Summary
Highlights
Graphing a system of linear inequalities involves graphing each inequality individually and then finding the region that satisfies all inequalities, which is the intersection of their solution sets.
A system of linear inequalities in two variables consists of two or more linear inequalities considered together. The solution to such a system is an ordered pair that satisfies all inequalities in the system.
To determine if an ordered pair is a solution, substitute the x and y values into each inequality. If both inequalities result in true statements, then the ordered pair is a solution to the system.
The video demonstrates checking if (6, 3) is a solution for x + 2y > 11 and -2x + y <= -7. Both inequalities are true for (6, 3), making it a solution. Conversely, (5, 3) is shown not to be a solution as it fails to satisfy the first inequality.
The example checks if (1, 4) is a solution for 3x + y < 4 and y <= -4x + 3. Both inequalities are false for (1, 4), meaning it is not a solution. However, (-4, 6) is verified as a solution because it satisfies both inequalities.
The first inequality, 4x + 2y < 12, is graphed by finding its x and y-intercepts (3, 0) and (0, 6) and drawing a dashed line. A test point (0, 0) shows that the region containing the origin is the solution set, so it is shaded.
The second inequality, y <= 5x + 4, is graphed using its y-intercept (0, 4) and a solid line due to 'less than or equal to'. The test point (0, 0) indicates that the region below the line is the solution set and is shaded green.
The solution to the system is the overlapping region where both shaded areas intersect.
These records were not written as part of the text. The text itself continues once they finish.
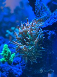 Splendida anemone a bolla con colorazione rosso-verde intensa, ideale per acquari marini reef. Esemplare sano, ben espanso e reattivo alla luce, con tentacoli carnosi e punte a "bolla" molto marcate.
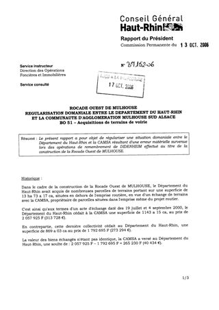 Le présent rapport a pour objet de régulariser une situation domaniale entre le Département du Haut Rhin et la CAMSA résultant d'une erreur matérielle survenue lors des opérations de remembrement de DIDENHEIM effectué au titre de la construction de la Rocade Ouest de MULHOUSE.
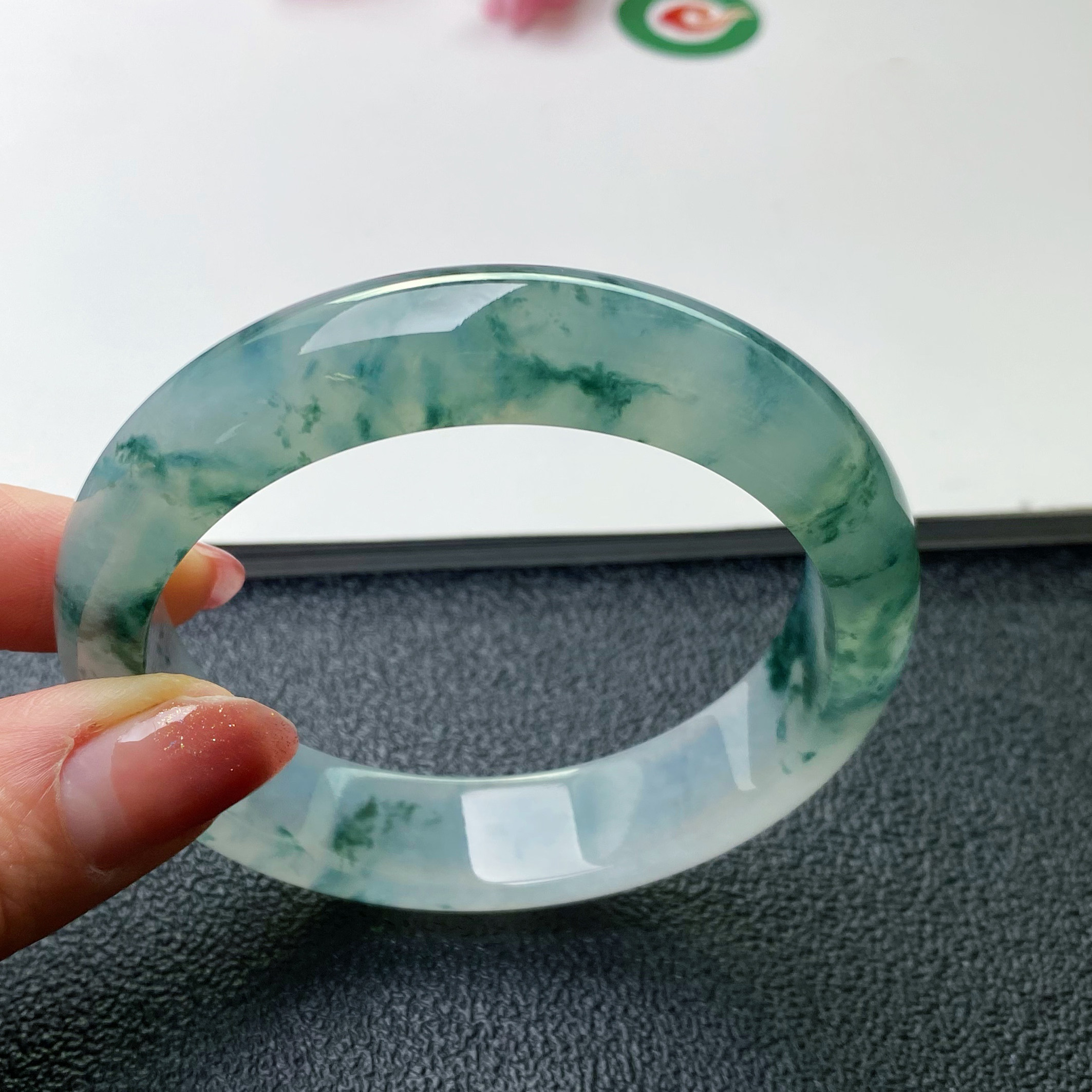 "月落微沉"缅甸高端翡翠冰种飘花玉手镯子正品玻璃种女款真玉处理
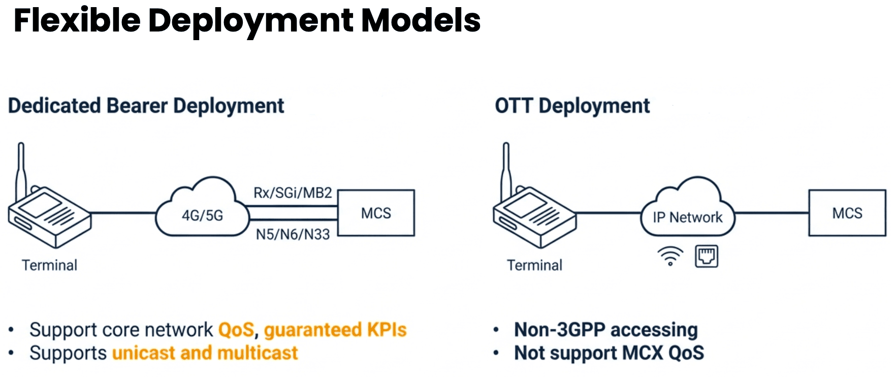 OTT Deployment: faster rollout as an application layer over an existing Private 5G network (no MCX QoS guarantee)

Any point within this darkest shaded region satisfies both inequalities.
Another system, x + y < 3 and y >= (2/5)x + 3, is graphed. The first inequality has a dashed line and is shaded below the line. The second has a solid line and is shaded above the line (indicated by the test point (0,0) being false).
The video demonstrates graphing a system including x-2, y<3, and y > x-1. A vertical line for x=-2, a horizontal line for y=3, and a diagonal line for y=x-1 are drawn, with appropriate shading based on the inequalities. The solution is the region where all three shaded areas overlap.
The final section works backward, showing how to determine the linear inequalities given a graph of their solution region. It involves identifying the boundary lines (slope, y-intercept) and using test points to determine the inequality signs (greater than, less than, or equal to).